Transcribe the lines below exactly, beginning with the line that holds "我們接下來看第二組,同樣是給" and ending with the final line, both included. Pictures are to be left out.

*** Opening of Entries supplied ***

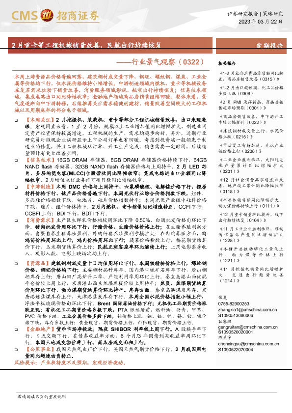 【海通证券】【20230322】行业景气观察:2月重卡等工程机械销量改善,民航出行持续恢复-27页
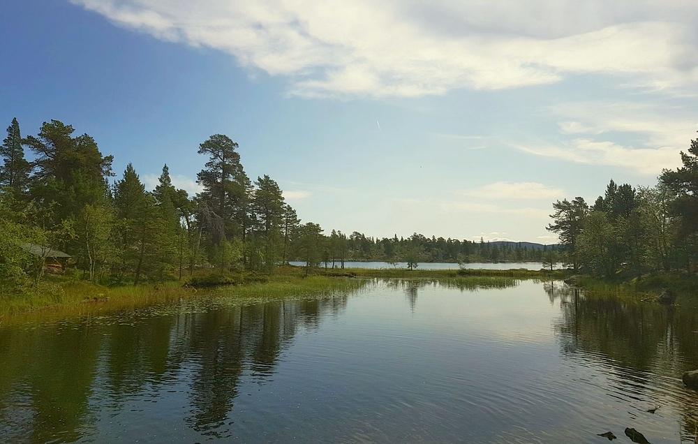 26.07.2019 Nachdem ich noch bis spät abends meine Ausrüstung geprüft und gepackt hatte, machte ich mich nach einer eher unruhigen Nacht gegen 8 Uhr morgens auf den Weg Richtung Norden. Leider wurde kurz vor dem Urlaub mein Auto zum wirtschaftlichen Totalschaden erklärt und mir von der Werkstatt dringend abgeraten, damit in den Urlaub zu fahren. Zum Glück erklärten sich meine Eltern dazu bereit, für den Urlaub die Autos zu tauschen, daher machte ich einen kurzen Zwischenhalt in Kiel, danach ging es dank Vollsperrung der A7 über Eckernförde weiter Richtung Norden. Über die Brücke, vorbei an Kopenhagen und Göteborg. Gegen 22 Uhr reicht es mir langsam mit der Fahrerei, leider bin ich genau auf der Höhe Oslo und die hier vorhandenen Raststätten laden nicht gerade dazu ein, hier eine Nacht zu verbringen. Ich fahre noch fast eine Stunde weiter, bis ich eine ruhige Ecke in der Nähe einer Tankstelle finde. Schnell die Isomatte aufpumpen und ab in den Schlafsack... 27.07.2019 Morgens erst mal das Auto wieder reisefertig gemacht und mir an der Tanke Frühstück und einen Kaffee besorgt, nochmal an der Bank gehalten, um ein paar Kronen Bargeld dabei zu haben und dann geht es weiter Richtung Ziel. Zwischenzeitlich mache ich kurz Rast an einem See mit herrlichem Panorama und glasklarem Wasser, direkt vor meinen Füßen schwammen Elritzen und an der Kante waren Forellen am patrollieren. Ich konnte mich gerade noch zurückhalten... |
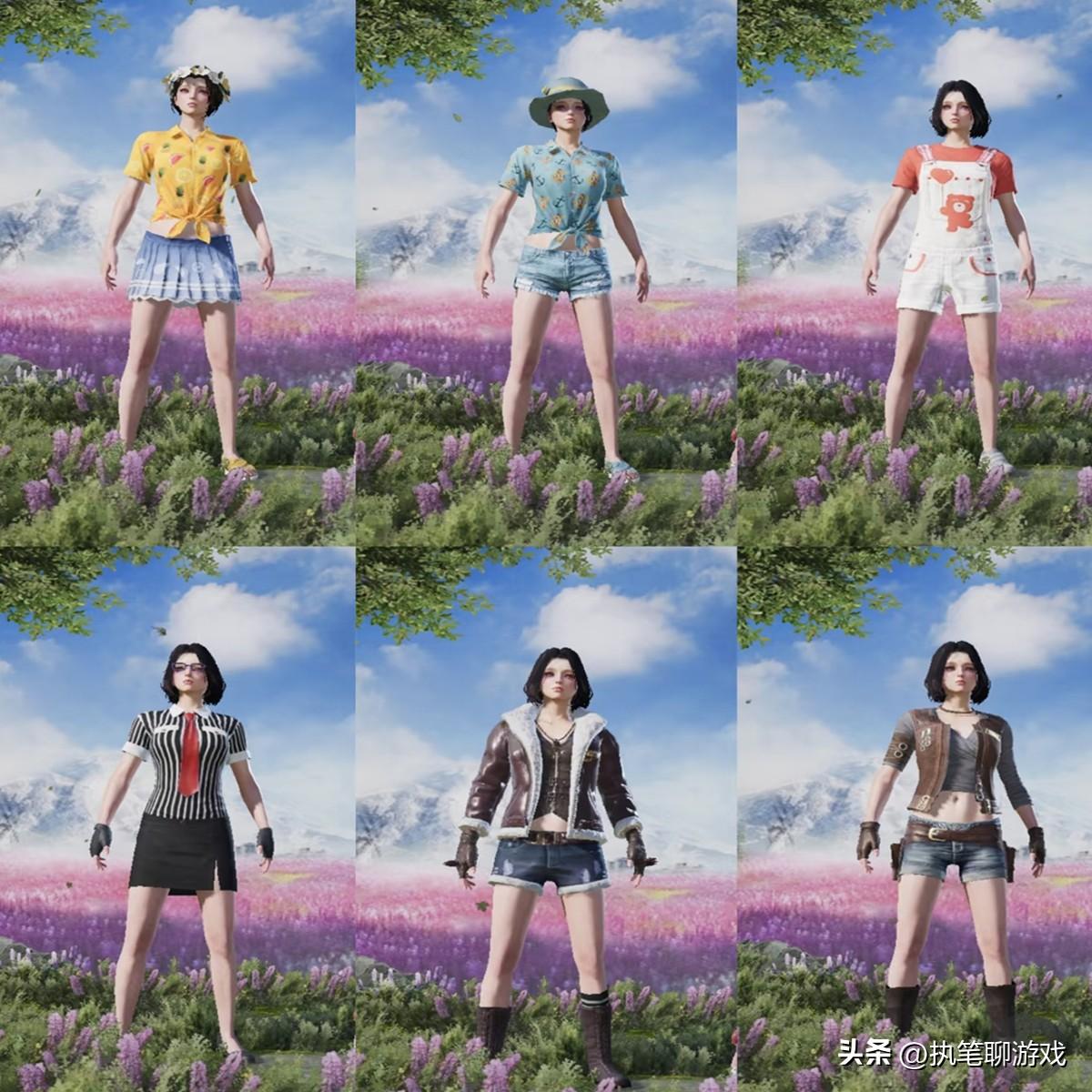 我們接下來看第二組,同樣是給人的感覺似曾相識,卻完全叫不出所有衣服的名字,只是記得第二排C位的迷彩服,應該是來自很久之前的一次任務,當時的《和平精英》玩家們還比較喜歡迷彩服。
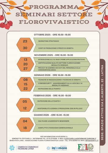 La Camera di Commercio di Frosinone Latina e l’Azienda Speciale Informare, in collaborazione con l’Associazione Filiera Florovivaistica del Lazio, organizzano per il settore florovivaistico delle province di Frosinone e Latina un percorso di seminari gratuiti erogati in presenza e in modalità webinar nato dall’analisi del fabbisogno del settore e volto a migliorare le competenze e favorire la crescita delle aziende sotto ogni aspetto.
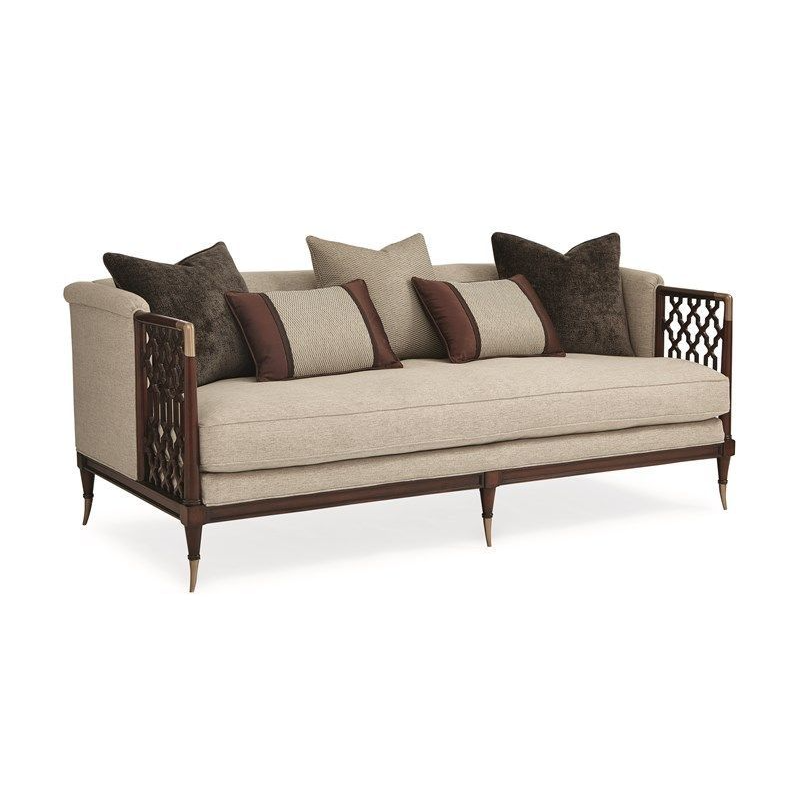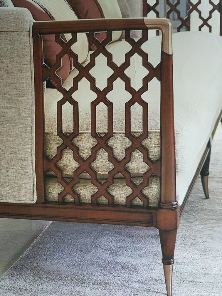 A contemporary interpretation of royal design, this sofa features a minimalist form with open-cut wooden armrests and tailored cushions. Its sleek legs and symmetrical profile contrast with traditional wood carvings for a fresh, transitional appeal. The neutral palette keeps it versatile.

*** Close of Entries supplied ***

Output for this exercise >>
 我們接下來看第二組,同樣是給人的感覺似曾相識,卻完全叫不出所有衣服的名字,只是記得第二排C位的迷彩服,應該是來自很久之前的一次任務,當時的《和平精英》玩家們還比較喜歡迷彩服。
 La Camera di Commercio di Frosinone Latina e l’Azienda Speciale Informare, in collaborazione con l’Associazione Filiera Florovivaistica del Lazio, organizzano per il settore florovivaistico delle province di Frosinone e Latina un percorso di seminari gratuiti erogati in presenza e in modalità webinar nato dall’analisi del fabbisogno del settore e volto a migliorare le competenze e favorire la crescita delle aziende sotto ogni aspetto.
 A contemporary interpretation of royal design, this sofa features a minimalist form with open-cut wooden armrests and tailored cushions. Its sleek legs and symmetrical profile contrast with traditional wood carvings for a fresh, transitional appeal. The neutral palette keeps it versatile.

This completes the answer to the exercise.